DeAngelo-Williams-Pittsburgh-Steelers-AP
Pittsburgh Steelers head coach Mike Tomlin did little different in the last training days in camp, but in preparation for the Green Bay Packers, he brought out play cards.

By exposing players to some of the looks the Packers show, Tomlin wanted the team to not only improve their play but scout what Green Bay is likely to throw at them on Sunday.  By combining things from the Packers’ preseason game against the New England Patriots, the goal was to anticipate and process real-time game planning, something he didn’t push against Minnesota or Jacksonville.

Tomlin said that by not utilizing a specific game plan in the first two preseason games, he and the coaching staff were able to evaluate individual performance as players executed fundamental football skills; overall awareness, reads, route assignments, communication, ball control and anticipation, limiting penalties and paying attention to the game and play clocks.

“[It] is really just stressing to see who understands fundamental rules football, who can play things based on rules, who understands the rules, who can play above the line without gameplan-specific things,” Tomlin said.

The goal was to allow Steelers players, especially rookies and free agents the ability to interact with each other on the field without a major plan and see if they could make transitions based on personnel and game environment.  Tomlin said that by allowing this, evaluation was telling as to who was able to adapt and pick up on key moments where they needed to rely on skills taught in camp.  But, Tomlin expects the Steelers to be able to play with a plan in place as well.
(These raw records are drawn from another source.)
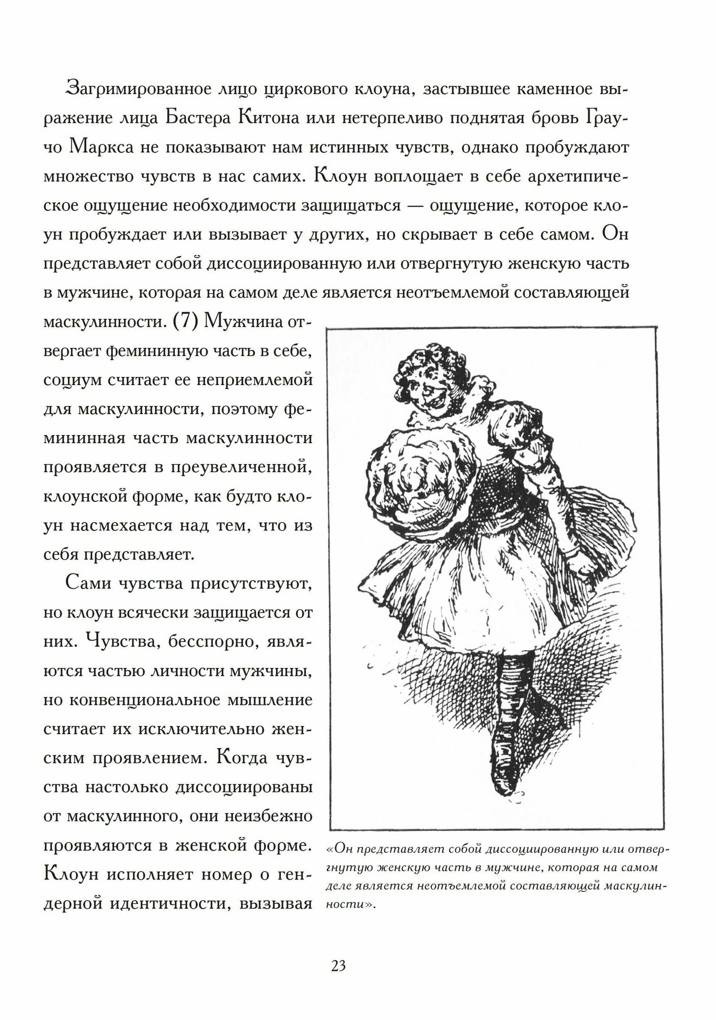 .Ведьма дает нам образ силы в женском, женского ума и духа, изначального в своей мощи, подлинного в своей мудрости. Клоун создает образ мягкого чувства, скрытого внутри мужского, к которому мужчины должны обратиться, понять и принять.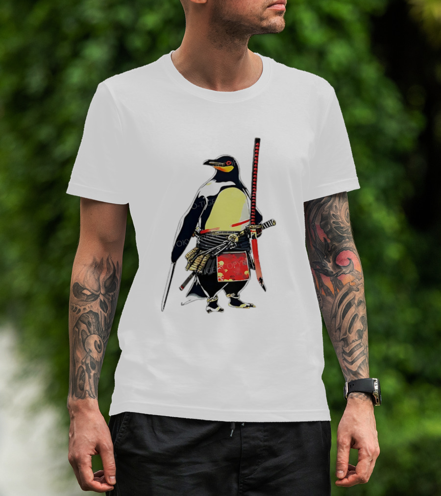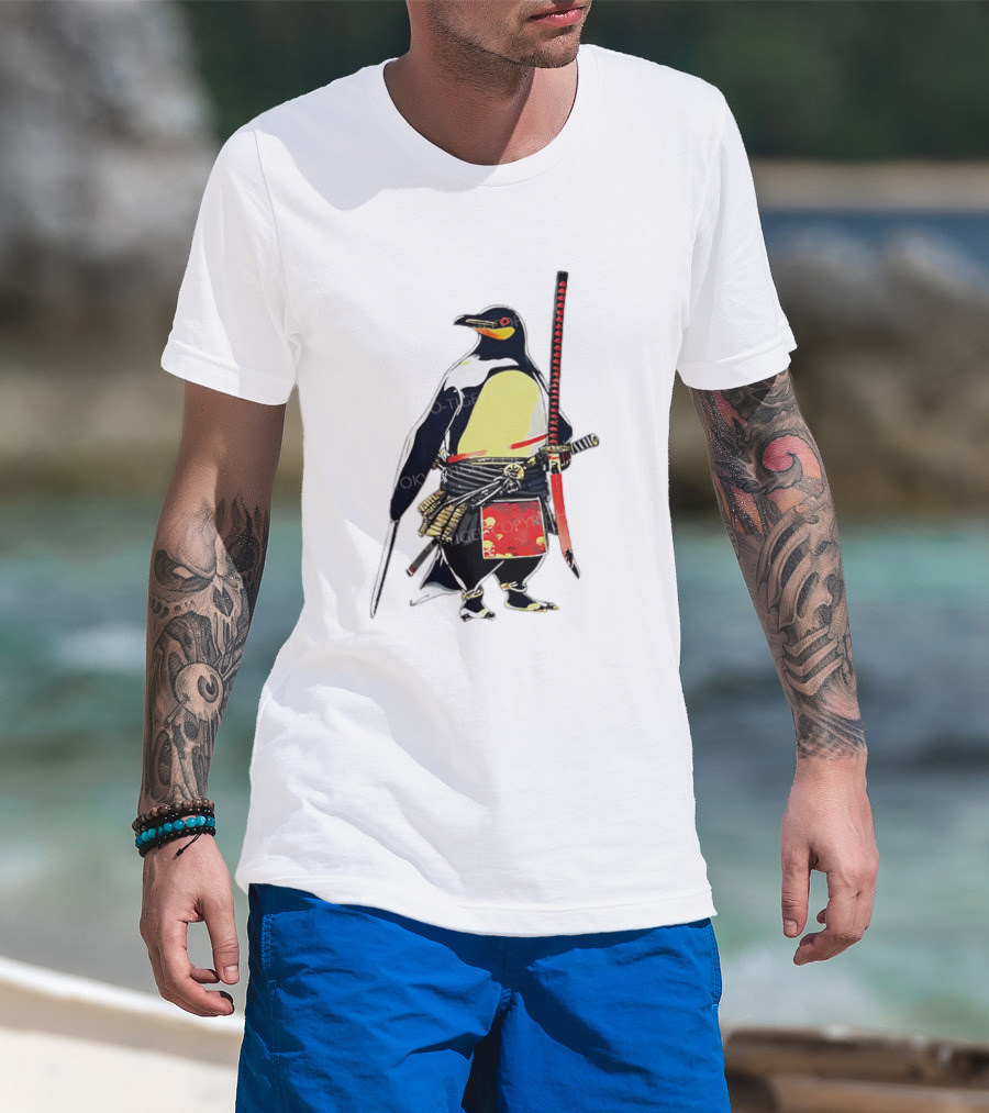 Samurai Penguin Katana Warrior With Traditional Armor T-Shirt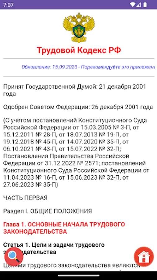 The Labor Code in its current, current version, with all changes and additions, article-by-article comments on the Labor Code of the Russian Federation, legislation on labor law and labor relations of the Russian Federation.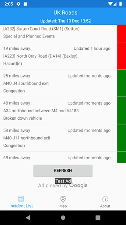 - Shows current incidents in order of distance from your current location (closest incidents are shown first).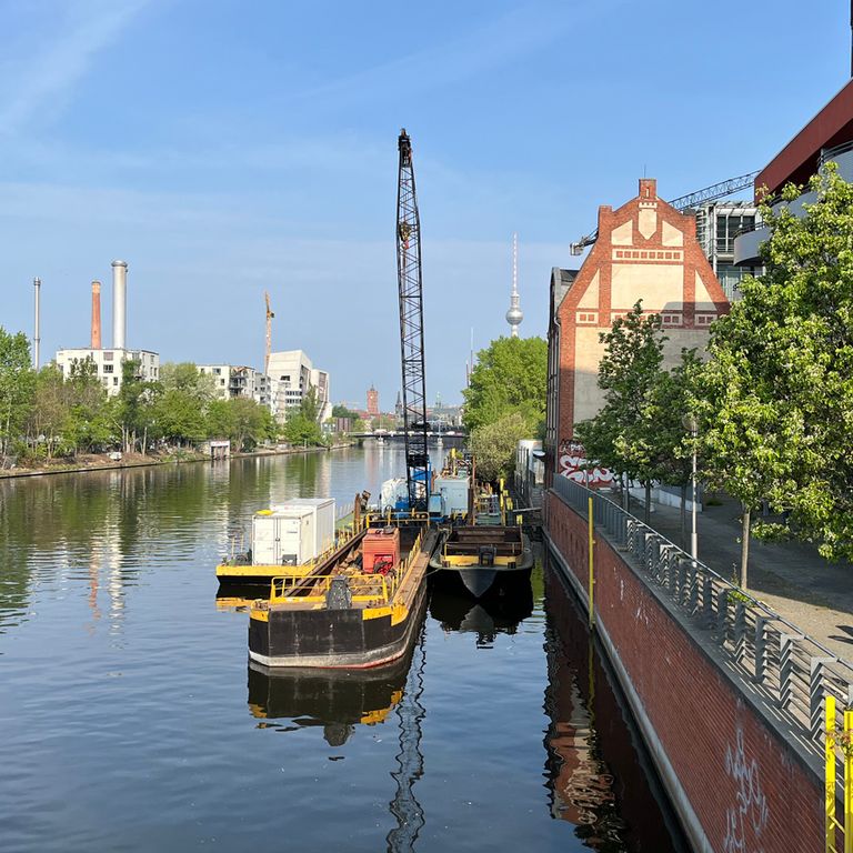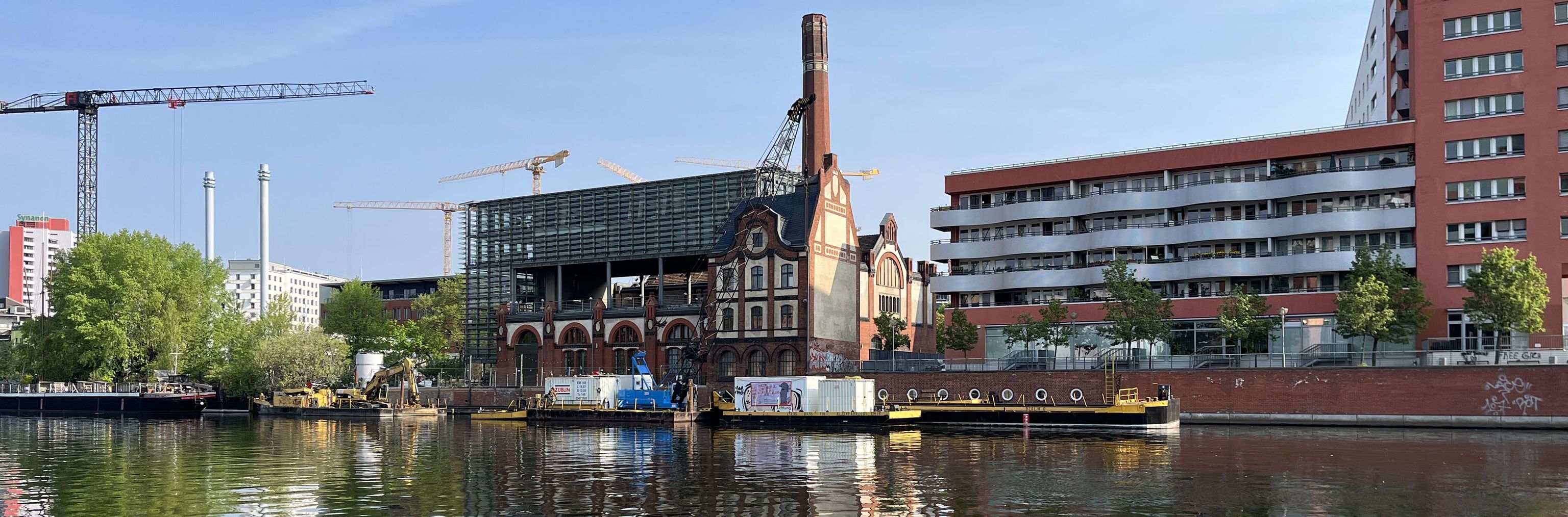 Das Pumpwerk des Radialsystems V wurde 1880 gebaut. Es bestand aus Heiz- und Maschinenhaus und einem Wohn- und Bürogebäude. Schon 1905 musste das Pumpwerk umgebaut und erweitert werden. Die Pumpen wurden durch Dampfmaschinen angetrieben. Die für deren Betrieb nötigen Kohlen wurden mit Schiffen antransportiert, neben dem Pumpwerk zwischengelagert und mit Loren zum Heizhaus gefahren. Dafür wurde das Ufer mit einer senkrechten Ufermauer eingefasst, die auf Holzpfählen gegründet und durch eine Holzspundwand gegen Unterspülung gesichert war.
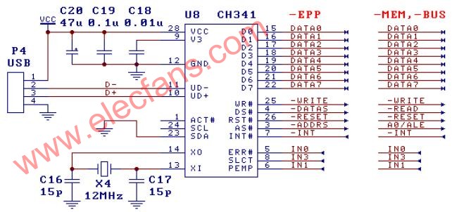 地线是黑色,D+信号线是绿色,D-信号线是白色。USB 总线提供的电源电流最大可以达到500mA,一般情况下,CH341 芯片和低功耗的USB 产品可以直接使用USB 总线提供的5V 电源。如果USB 产品通过其它供电方式提供常备电源,那么CH341 也应该使用该常备电源,如果需要同时使用USB总线的电源,那么可以通过阻值约为1Ω的电阻连接USB总线的5V 电源线与USB 产品的5V常备电源,并且两者的接地线直接相连接。电容C18 用于CH341内部电源节点退耦,C18是容量为0.01μF 的独石或高频瓷片电容,如果对EMI 没有要求那么可以省掉C18。电容C19 和C20用于外部电源退耦,C19是容量为0.1μF 的独石或高频瓷片电容。晶体X4、电容C16和C17用于时钟振荡电路。X4 的频率是12MHz,C16和C17是容量为15pF 的独石或高频瓷片电容。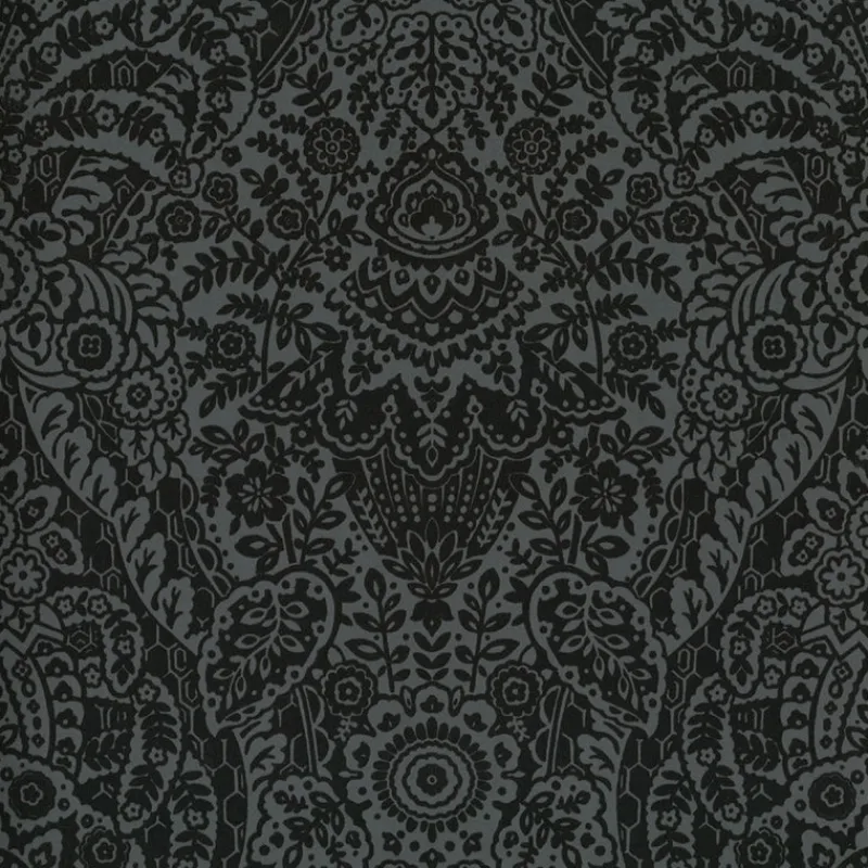 Dark coloring and luxurious finishes add a touch of drama to this charming floral damask. The illustrative botanicals are detailed in lush black flock against a charcoal grey backdrop. Maris is an unpasted, non woven wallpaper.

“To be honest with you, in order for us to be successful we’ve got to be good at both,” Tomlin said.

Tomlin’s statements explained why, during their first two preseason games, Pittsburgh looked to be playing at a less intense level as players worked together in different personnel combinations.  The goal wasn’t to focus on particular opponents, but to execute plays based on a general understanding of the schemes Tomlin, Butler and the coaching staff have been teaching and emphasizing.

Read the eyes of the quarterback.  Read receiver routes. Get off the ball and handle your blocks.  Protect the quarterback.  Wrap up when tackling. Shut down running lanes.  All of those items equate to overall success, and Tomlin was serious about focusing on basics before adding a specific plan based on the team they were facing.

It was smart and shows a ton of foresight even if it meant the Steelers weren’t necessarily stunning in their overall game play.  In ways, Tomlin and the Steelers staff have been giving their revamped and retooled team an opportunity to have the proverbial milk before meat.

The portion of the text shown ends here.